The robots are coming – not to steal your job, but to invent entirely new ones. Advances in machine learning, artificial intelligence, and automation all point toward an autonomous world – one in which perception, prediction, and action are embedded in machines. Autonomy will not only transform how we work, but also we how move, think, discover, decide, and deceive. What we consume — as well as how we produce, transport, and market it — may take strange new turns as robots increasingly predict, suggest and prepare to help us eat do it. In this wide-ranging and eye-opening talk on the promise and perils of AI, author and futurist Greg Lindsay explores how autonomy is already upending society — and how we can use it to build a better world.
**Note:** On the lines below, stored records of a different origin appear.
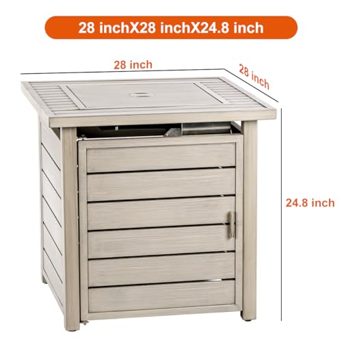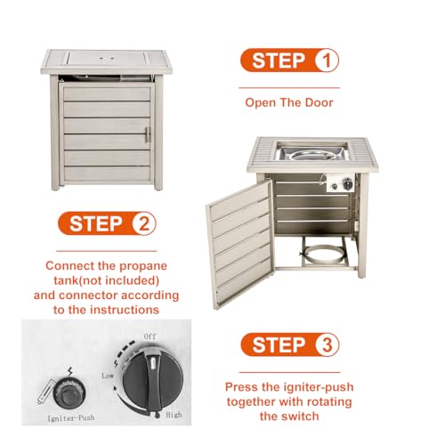 [Easy to Use & Smokeless Flame]The fire pit has with a quick start electronic ignition system and variable flame control. You can light up the fire pit table safely and adjust the flame to your desired temperature by turning the control button. The side door panel can be easily opened to change and conceal the propane tank, work with a standard 20-pound propane tank (NOT INCLUDED). Safety Note: When setting up the propane tank to keep the hose and valve away from the high-temperature area.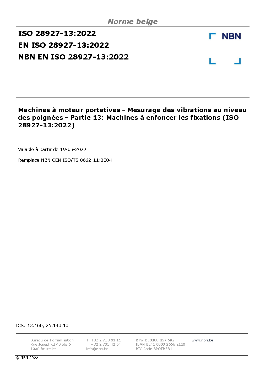 Hand-held portable power tools - Test methods for evaluation of vibration emission - Part 13: Fastener driving tools (ISO 28927-13:2022)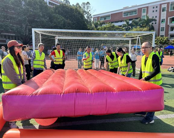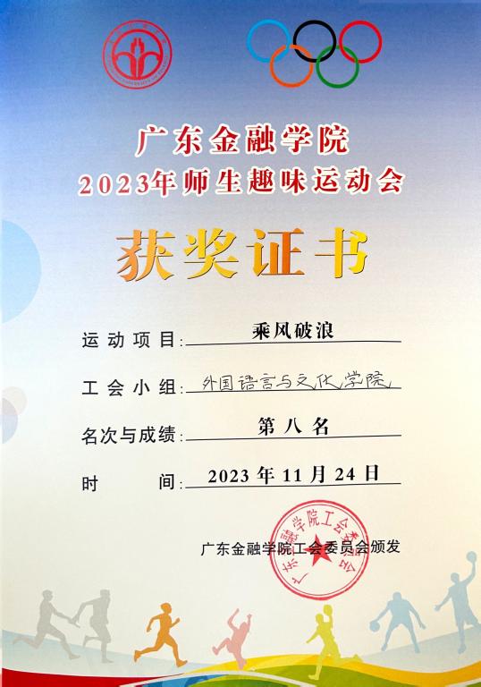 喜报:11月24日,广东金融学院2023年度师生趣味运动会顺利举行。我院18名教师参赛队员在黄庆雄书记、涂兵兰院长和洪溪珧副院长的带领下,参与了“运转乾坤”、“猛龙过江”、“乘风破浪”、“超级投篮”等项目的团体比拼,获得“乘风破浪”项目第八名。
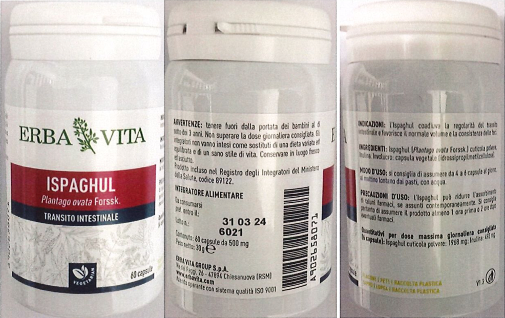 - Ispaghul, integratore alimentare in confezione da 60 capsule da 500 mg (peso netto 30 grammi), con il numero di lotto 6021 e il termine minimo di conservazione (Tmc) 31/03/2024

Where the Robot Meets the Road

A decade ago, self-driving cars were science fiction leftover from The Jetsons. Today, Google and Tesla are leading a breakneck autonomous arms race, as the global auto industry races to build electric AVs at a cost of hundreds of billions of dollars. But a self-driving SUV may prove to be the horseless carriage of autonomy – rapidly eclipsed by new species of self-driving scooters, deliverybots, and buildings with a mind of their own. How are these technologies already transforming the way we see, understand, and get around cities? How have they helped China, Japan, and Korea mitigate the worst effects of the coronavirus lockdown? What effects will they have on where we live, work and play, and what are the opportunities and threats for automakers, technology firms, public transit, employers, and developers? Drawing upon his work with BMW, Intel, MIT, the Bloomberg Philanthropies, Aspen Institute, and the NewCities Foundation, Greg Lindsay offers a tour of future urban mobility and how they promise to transform our cities in the coming decades.

The Future of the Future

The future isn’t what it used to be. As the pace of social, technological, and environmental change accelerates, organizations are struggling just to make sense of the present, let alone spot threats and opportunities looming just over the horizon. The ability to anticipate, understand, plan for, and innovate around uncertainty has become a critical skill for designers, innovators, and strategists everywhere. As the computing pioneer Alan Kay once said, “the best way to predict the future is to invent it.” Futurist, author and NewCities director of applied research Greg Lindsay will teach a crash course in exactly that. The practice of creating futures, or “foresight,” offers a toolkit and framework for detecting signals of change, organizing insights, synthesizing possible futures, identifying potential barriers and opportunities, and designing innovative products, services or ideas that satisfy emerging needs. In addition to lecturing on possible futures, Greg is available to lead participants through a fun, fast-paced workshop in which they create futures of their own.

Engineering Serendipity

How do we bring the right people and the right ideas to the right place at the right time to create something new, when we don’t know who or where, or when that is, let alone what we’re looking for? This is the paradox of innovation — new ideas don’t follow org charts or schedule themselves for meetings. Greg Lindsay describes how organizations like Google, the U.S. Military Academy, United Health Group, and the International Red Cross are “engineering serendipity.” They’re harnessing sensors, social networks, and new ways of working to break down the boundaries between new teams, discover new ideas, inspire collaboration and creativity, and spur employee engagement, learning, and innovation. How, where, and who we work with will never be the same.